A Reflection for the Feast of Corpus Christi

Readings: Deuteronomy 8:2-3, 14b-16a 1 Corinthians 10:16-17 John 5:51-58

A few weeks ago, members of the finance council were surveying the needs of our parish facilities. As we entered the church itself something odd happened, something that used to occur when I was a seminarian giving tours of St. Peter’s Basilica in Rome. I was speaking, pointing out features—in this case, things in need of repair. Crossing the threshold of the church, I lost the attention of my companions. They were staring into space, gawking not at the glory of St. Peter’s Basilica but, wistfully, at the walls of their own parish church.

I love Saint Joseph’s, but it is no St. Peter’s. I could claim that it is the loveliest church in central Kansas, but the state is full of such treasures, testaments to the faith of a different era.

Saint Joseph’s Church (Photo provided by author)
Saint Joseph’s Church (Photo provided by author)

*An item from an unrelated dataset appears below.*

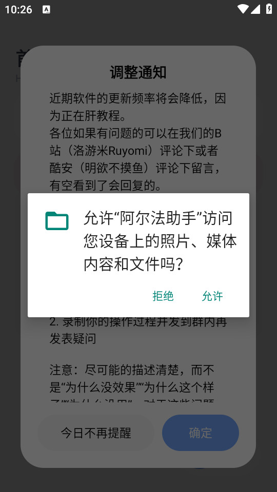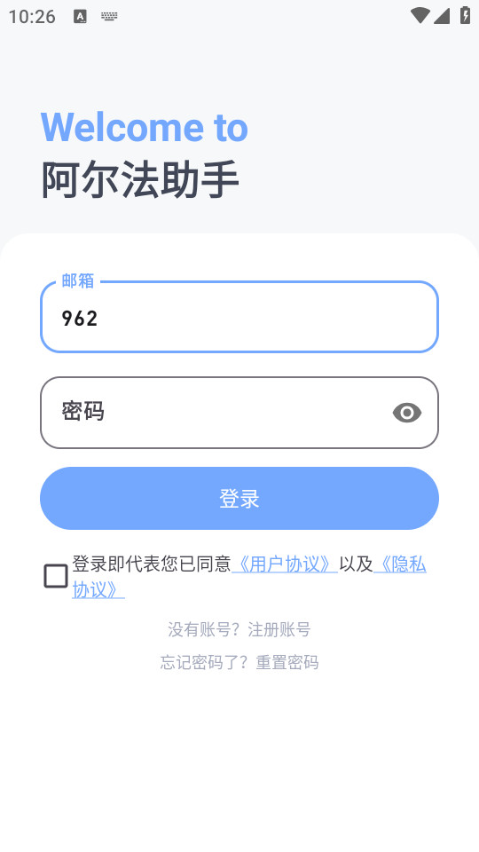 下载安装并打开阿尔法助手app,不断点击同意并继续
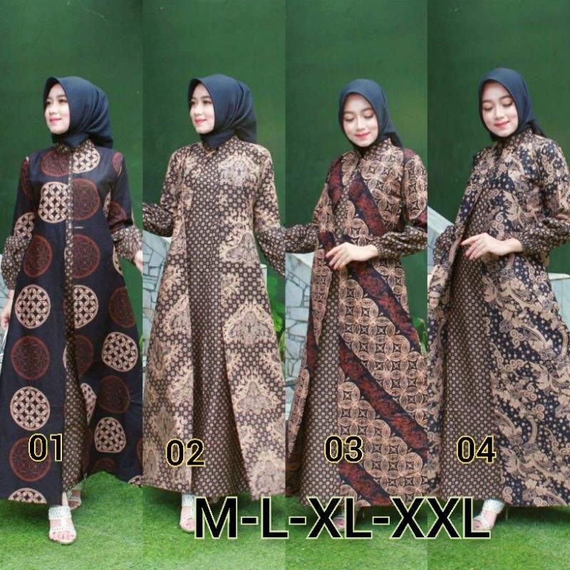 ✓Gamis Cardi Batik Kombinasi iner menyatu

So, how did I lose my listeners? They were gazing in silent awe because they were home again, because they were standing in a spot whose very stones they love. Everyone concurred when a couple of members said, “I haven’t been in here for weeks” and “I didn’t realize how much I missed it.”

The feeling that came over my companions was something like seeing, after years of absence, the inside of the home where you grew up or the house where your grandparents once lived. It is not that the space is sacred, at least not in the first blush of that word. It is that the space is you. You are like an animal seeing its own carapace. This was once your shell. The place that protected you. Your home.

Maybe we need four more feasts because there are “real presences” that we are scanting, if not, perhaps, even scorning.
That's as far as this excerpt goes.